Stored data entries:
————————
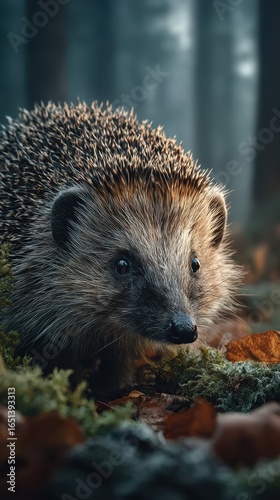 © Georg, Fototapeta premium Hedgehog exploring a forest floor covered in leaves during early morning light in a serene woodland setting
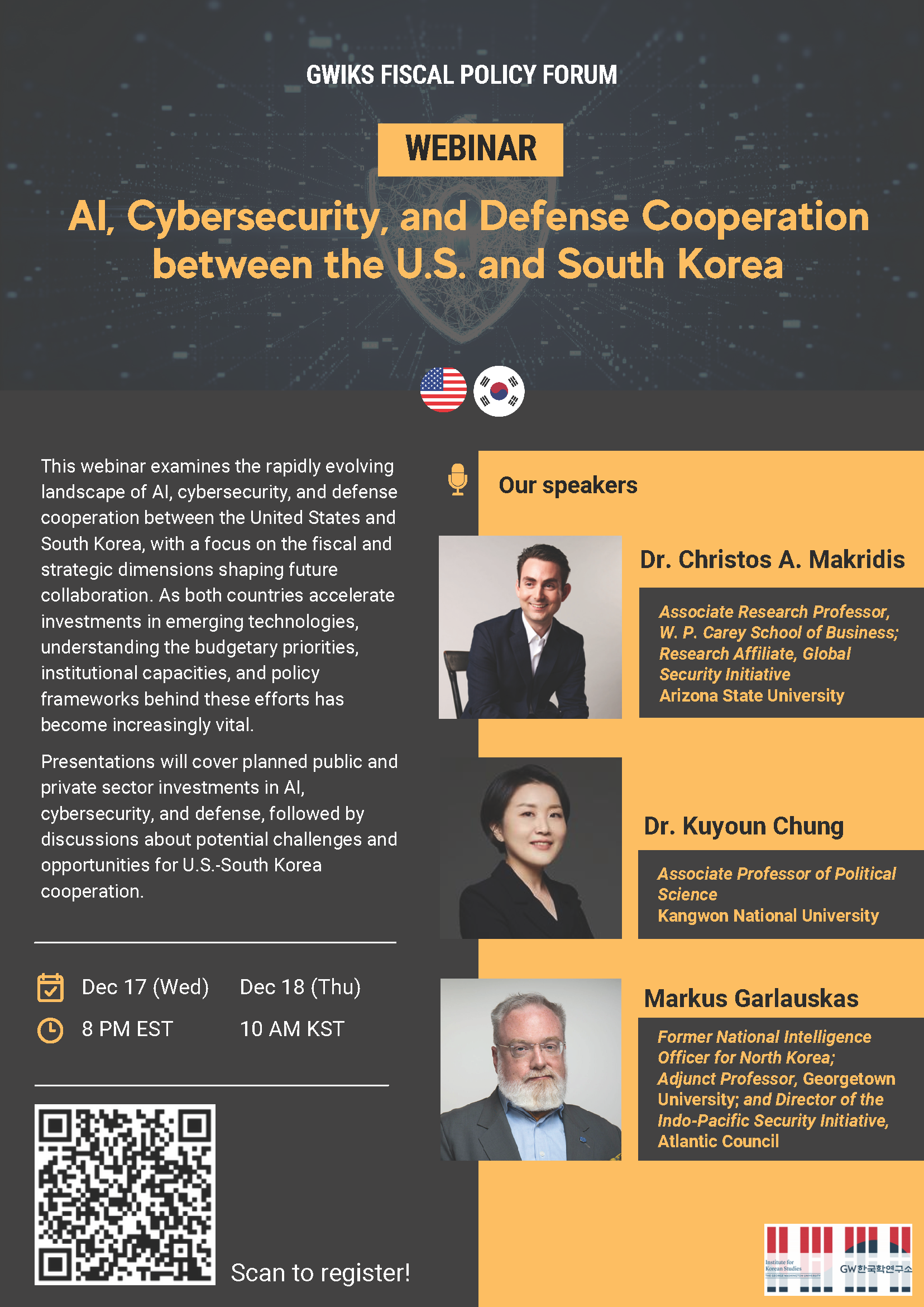 [GWIKS] Fiscal Policy Forum: AI Cybersecurity, and Defense Cooperation between the U.S. and South Korea
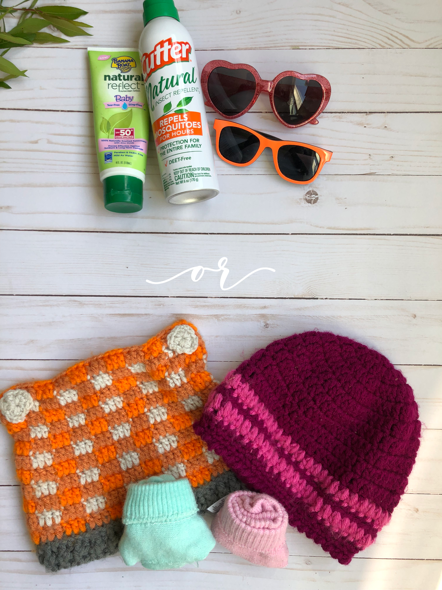 9. Depending on the season- sunscreen, bug spray, extra mittens, extra hats.
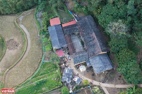 Vue d’en haut, la maison, d’une superficie de plusieurs centaines de mètres carrés, comporte trois grands blocs. Le plancher de la maison est en pierres vertes bien ciselées et taillées pour créer une base solide pour la charpente en bois de fer.
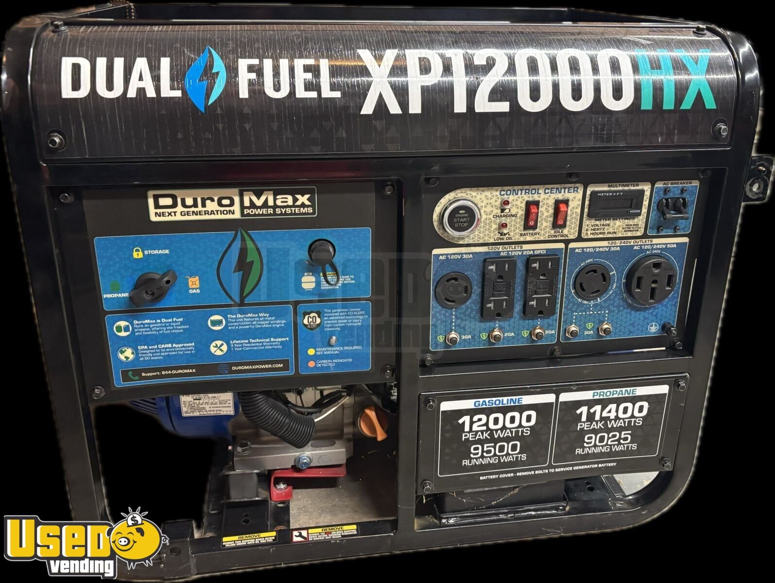 - DuroMax dual-fuel generator and two 25-gallon propane tanks
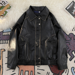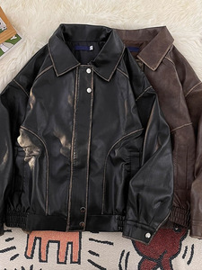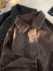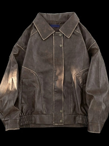 美式复古做旧皮衣外套男款街头痞帅高级感机车服美拉德棕色皮夹克
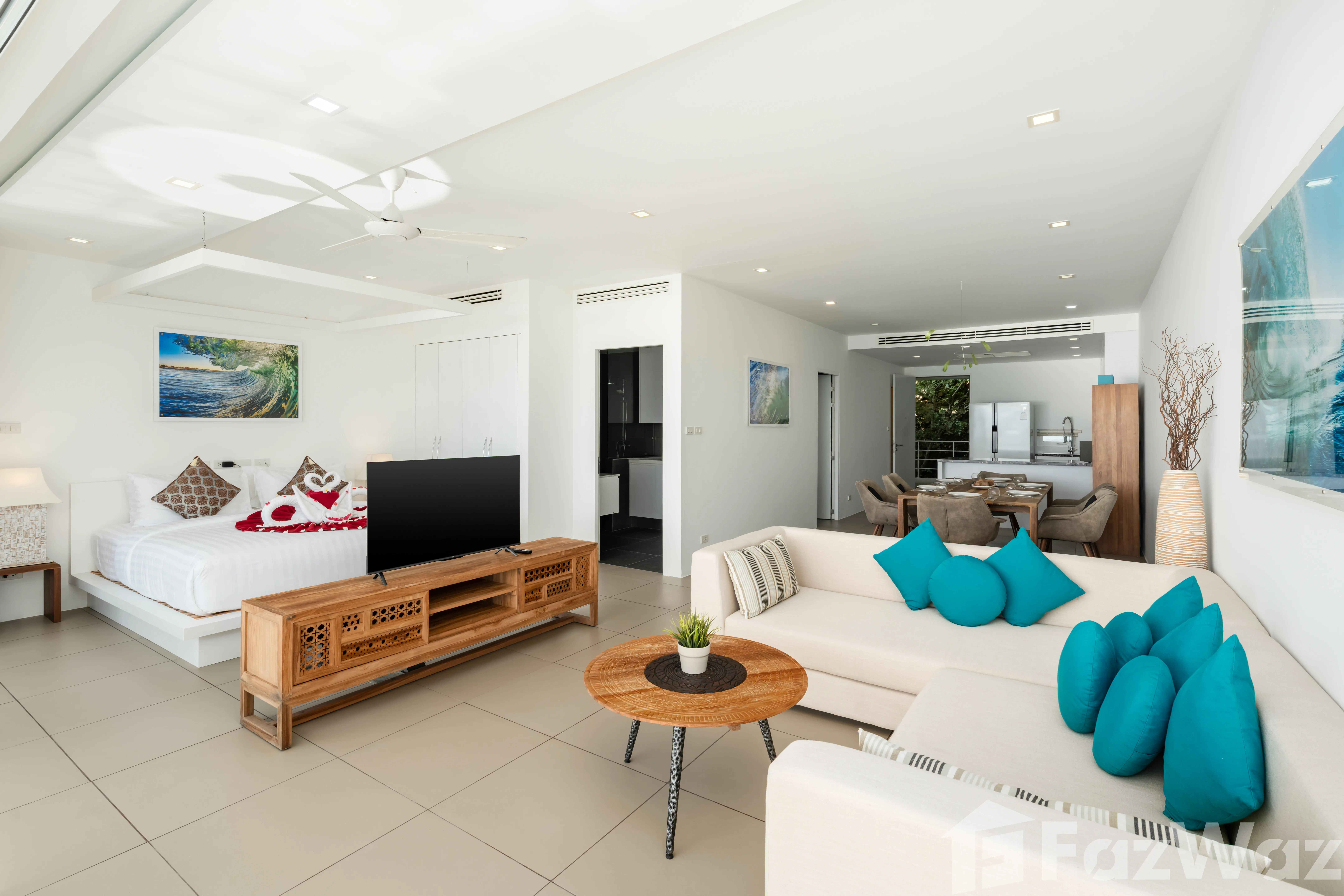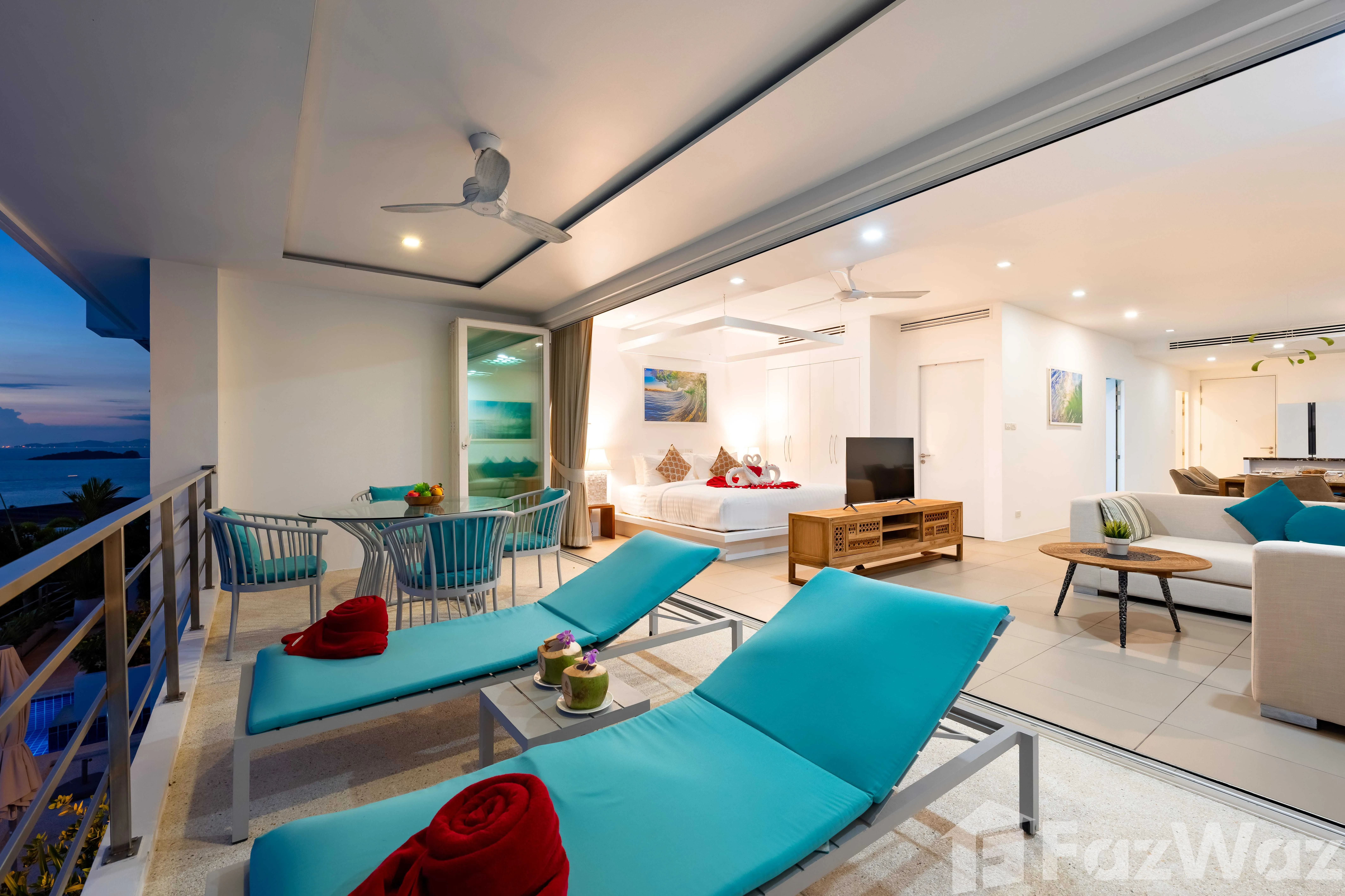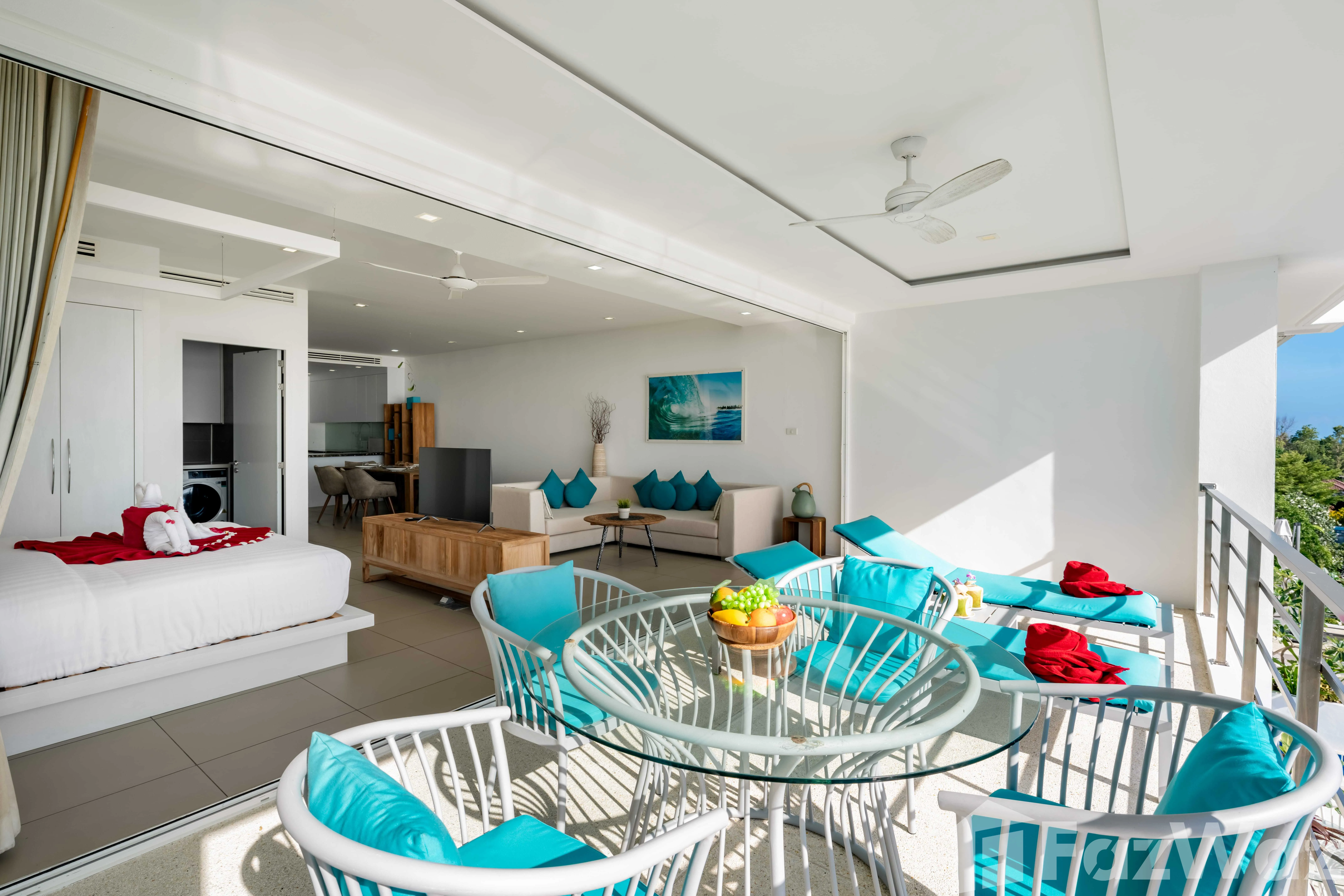 อพาร์ทเมนท์ทันสมัยพร้อมพื้นที่นอนแบบเปิดโล่งและระเบียง
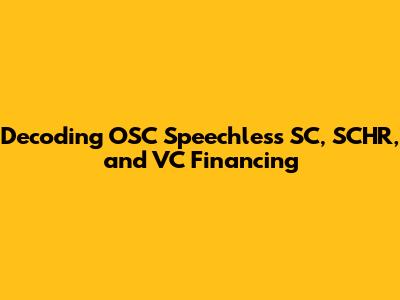 Alright guys, let’s dive deep into the fascinating world of OSC Speechless SC, SCHR, and VC financing. This stuff can seem like alphabet soup at first, but trust me, understanding these concepts can be a game-changer, especially if you're involved in startups, investments, or just curious about the financial landscape. So, grab your favorite beverage, and let’s get started!
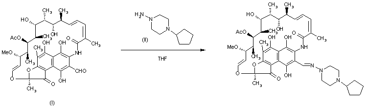 By condensation of 3-formyirifamycin SV (I) with 1-amino-4-cyclopentylpiperazine (II) in THF.
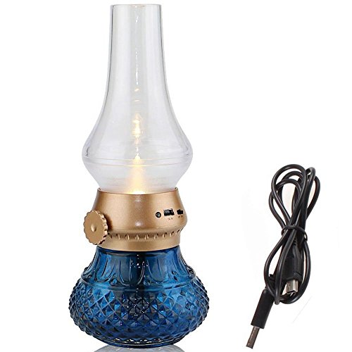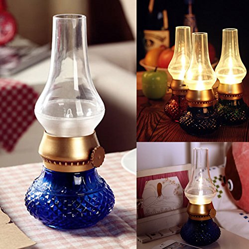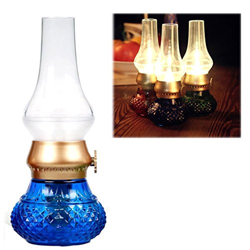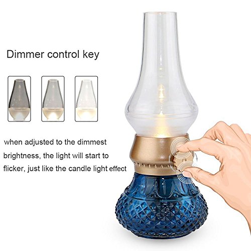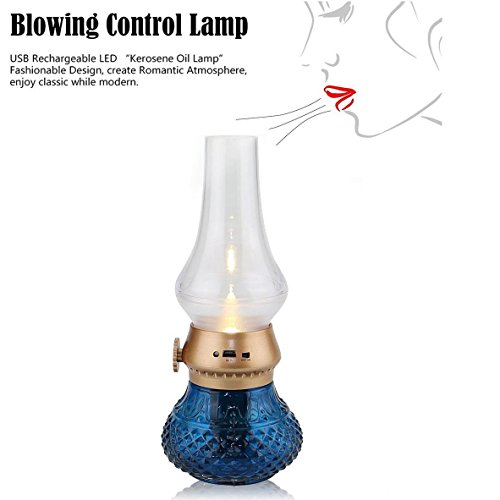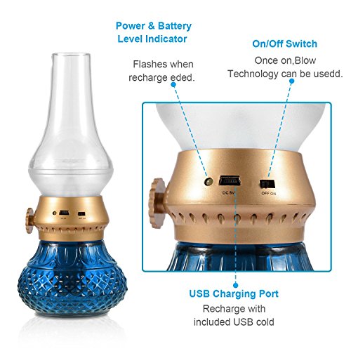 Flameless LED Light, Decorative Rechargeable Flameless Candle Lantern, Vintage Oil Table Lamp with Blow ON/OFF Control, Dimmer Control Key, Kerosene Lamp , Bedside Lamp ,Small Night Light (Blue)
————————
[TASK PROMPT] Needed here is a verbatim copy of the data from the first line through the line with "อพาร์ทเมนท์ทัน", without pictures.

[ANSWER BELOW]
 © Georg, Fototapeta premium Hedgehog exploring a forest floor covered in leaves during early morning light in a serene woodland setting
 [GWIKS] Fiscal Policy Forum: AI Cybersecurity, and Defense Cooperation between the U.S. and South Korea
 9. Depending on the season- sunscreen, bug spray, extra mittens, extra hats.
 Vue d’en haut, la maison, d’une superficie de plusieurs centaines de mètres carrés, comporte trois grands blocs. Le plancher de la maison est en pierres vertes bien ciselées et taillées pour créer une base solide pour la charpente en bois de fer.
 - DuroMax dual-fuel generator and two 25-gallon propane tanks
 美式复古做旧皮衣外套男款街头痞帅高级感机车服美拉德棕色皮夹克
 อพาร์ทเมนท์ทันสมัยพร้อมพื้นที่นอนแบบเปิดโล่งและระเบียง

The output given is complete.